A lo mejor tendríamos que haberlo hecho más profundo, Milagros, por seguridad -dije, utilizando ese plural absurdo que se emplea a veces cuando no has hecho nada. Me daba pavor que pasara cualquier perro por allí y pudiera desenterrarlo.

Que está bien así, está bien así -dijo ella-. Ahora lee lo que traías.

¡Morsa!, acércame la Biblia.

Morsa alzó los ojos al cielo como dando a entender el hartazgo que arrastraba desde que salió de Madrid y me acercó el libro. Yo lo abrí por una de las páginas que tengo dobladas, de las que leo cuando voy a ver a mi madre o de las que he leído alguna vez en la iglesia, por no escuchar al cura. En realidad no sabía si había abierto por la parte más adecuada pero esto fue lo que encontré, así, medio al azar:

Tenme piedad, oh Dios, según tu amor, por tu inmensa ternura borra mi delito, lávame a fondo de mi culpa, y de mi pecado purifícame.

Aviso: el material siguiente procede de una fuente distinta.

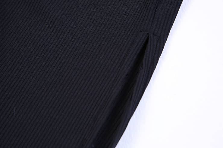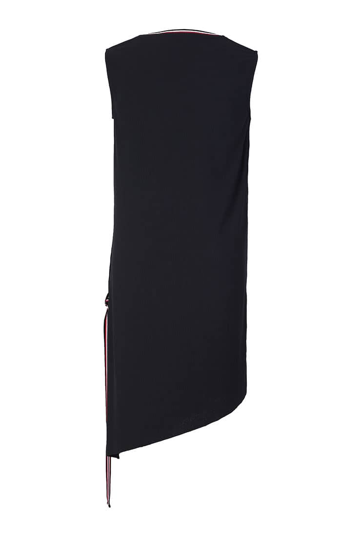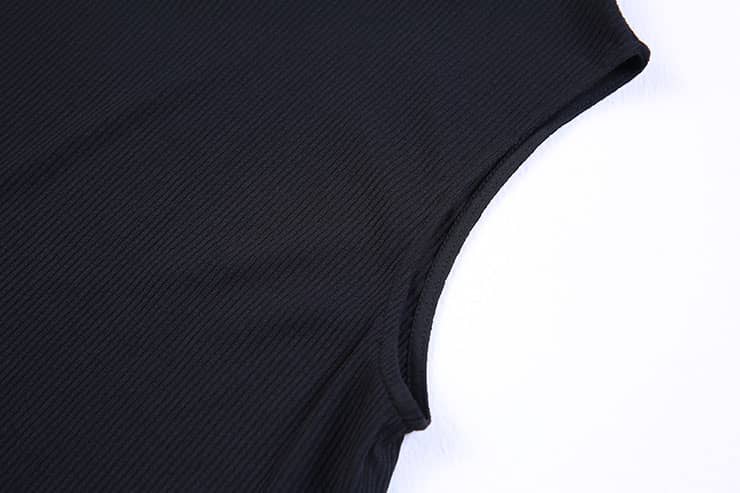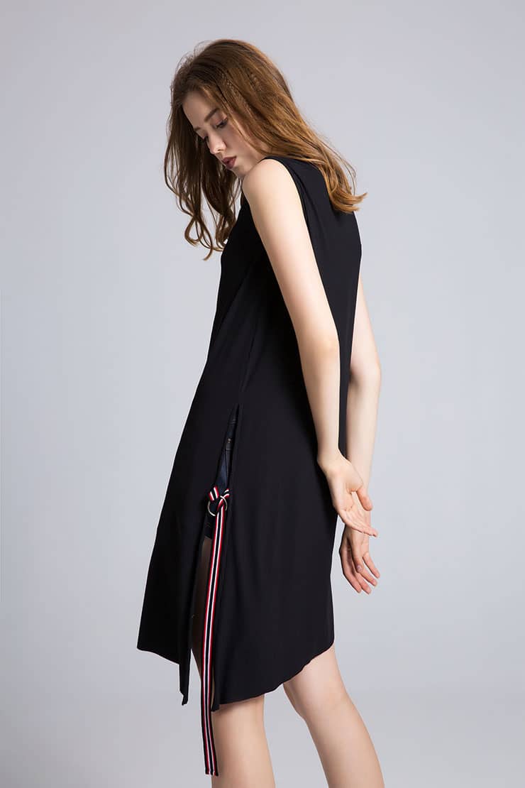 V领,无袖,肩部稍许落肩长出,腰部碎褶处理,左腰单侧结合绑带,造型感十足,甄选优制的梭织乱麻面料,布面肌理感强,手感干涩且颇具垂感。
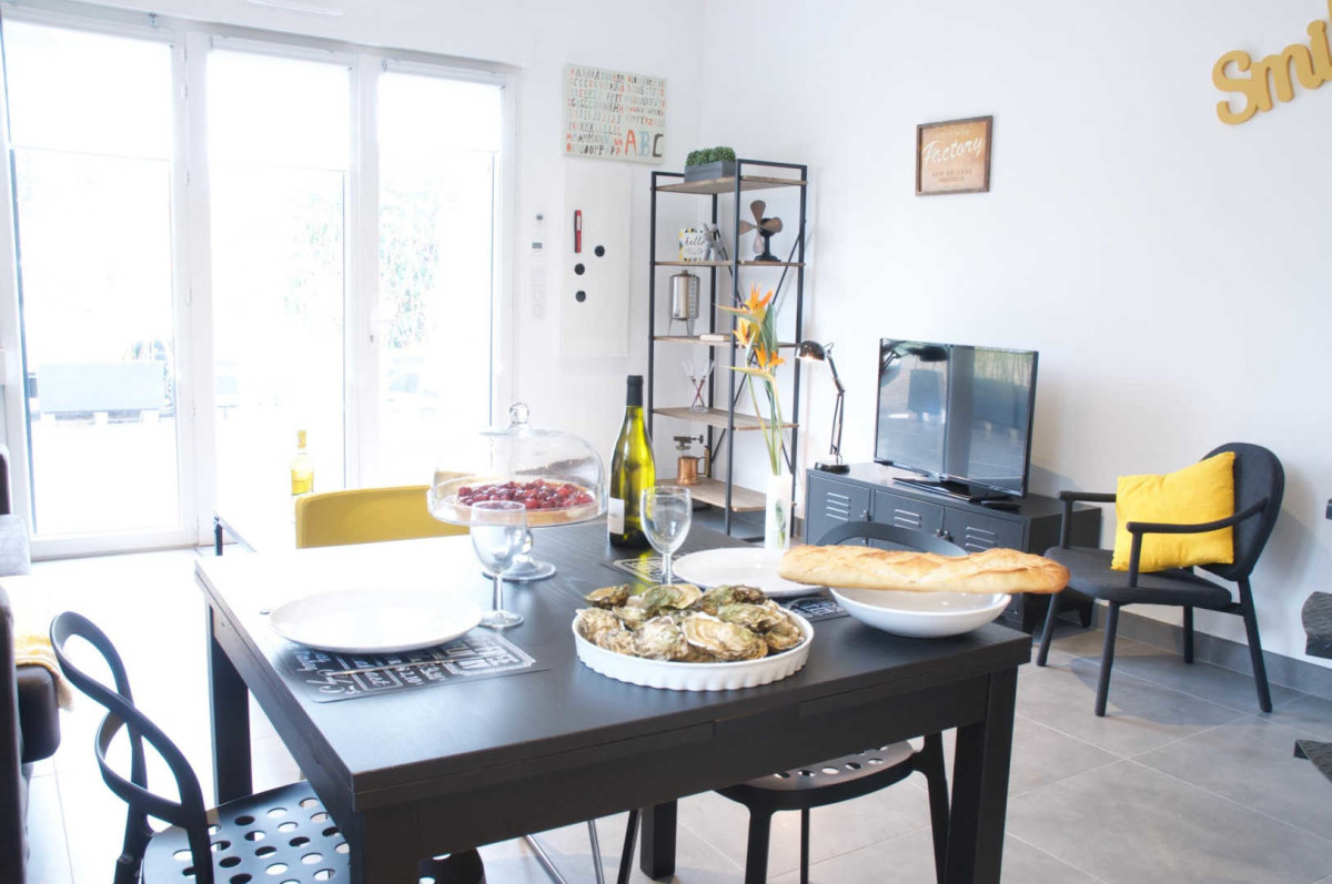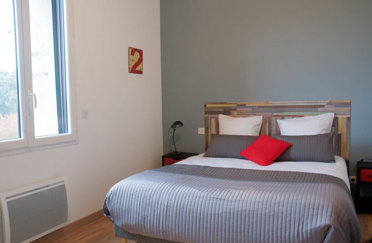 One of 4 gites in a fully renovated house set on a wine growing property producing Muscat of Frontignan. Gîte LEON : ground fl.: living room with kitchen area and lounge, wc. 1st fl.: bedrm 1 (2 joining beds 80×200 cm, 1 bed in 90×200 cm), shower/wc. Electric heating, TV. Beds made, final cleaning on request. Private terrace (29 m²), garden furniture, bbq, parking. Bikes available. Surface area : 52 m². Spa resort of Balaruc at 7 km. TOURIST ATTRACTIONS : city of Montpellier (18 kms), cathedral of Villeneuve les Maguelone, Pézenas (city of Molière), Sète (fishing harbour and beaches – 7 km), Les Aresquiers (nice beach with pine forest), massif of La Gardiole.

Milagros empezó a sollozar, tal y como lo hacen las personas que están en los entierros.

Pues mi delito yo lo reconozco mi pecado sin cesar está ante mí; contra mí, contra ti solo he pecado, lo malo a tus ojos cometí.

Morsa se fue caminando hasta el límite del bancal, allí se quedó quieto, mirando el valle de árboles frutales. Él, el pesado, el irritante Morsa, el chulo que conducía sólo con una mano, se sentía esos días especialmente melancólico, tenía miedo de que la mujer de la que estaba enamorado ya no le quisiera, y que no hacer el amor con él todos esos días hubiera sido la forma de empezar a decirle que aquello se había terminado. Tenía miedo también de que ella no le hubiera querido nunca. Hace diez años hubiera pagado por estar solo, pero ahora, ¿de qué le servía? Tenía que ingeniárselas para no comer solo los domingos, montarse planes descabellados para tener compañía en las vacaciones del agosto, y siempre se veía forzado a salir, salir de casa, los sábados por la tarde, los viernes por la noche. Él, el simplón de Morsa, estaba respirando hondo, sintiendo lo que esa mujer a la que él consideraba infinitamente más inteligente y más sensible que él sería incapaz de sentir en todos los días de su vida. Estaba sintiendo con toda su violencia la belleza de lo que tenía delante de los ojos y la cantidad de olores maravillosos que le producían una tristeza que él nunca había sentido. O ahora o nunca, le iba a decir a Rosario, me iba a decir a mí, o empezamos en serio o ya no volveré a tu casa. No sabía qué palabras utilizaría ni si ella se iba a reír una vez más de él, pero ya no le importaba, tenía que apostar fuerte: no, Rosario, ya no te voy a echar un polvo cuando a ti te convenga, ni me voy a levantar una hora antes para que tú no te sientas comprometida, ¿pero qué te has creído? Tú ves al resto de la humanidad desde tu púlpito, tía, tú te crees que los demás estamos puestos ahí para actuar a tu antojo, pero yo ya no voy a seguirte el juego. Si te echo un polvo es porque voy a quedarme para siempre, y si no, me voy con otra, será por tías, hay miles de tías en el mundo que se irían con cualquiera, hasta conmigo por raro que te parezca.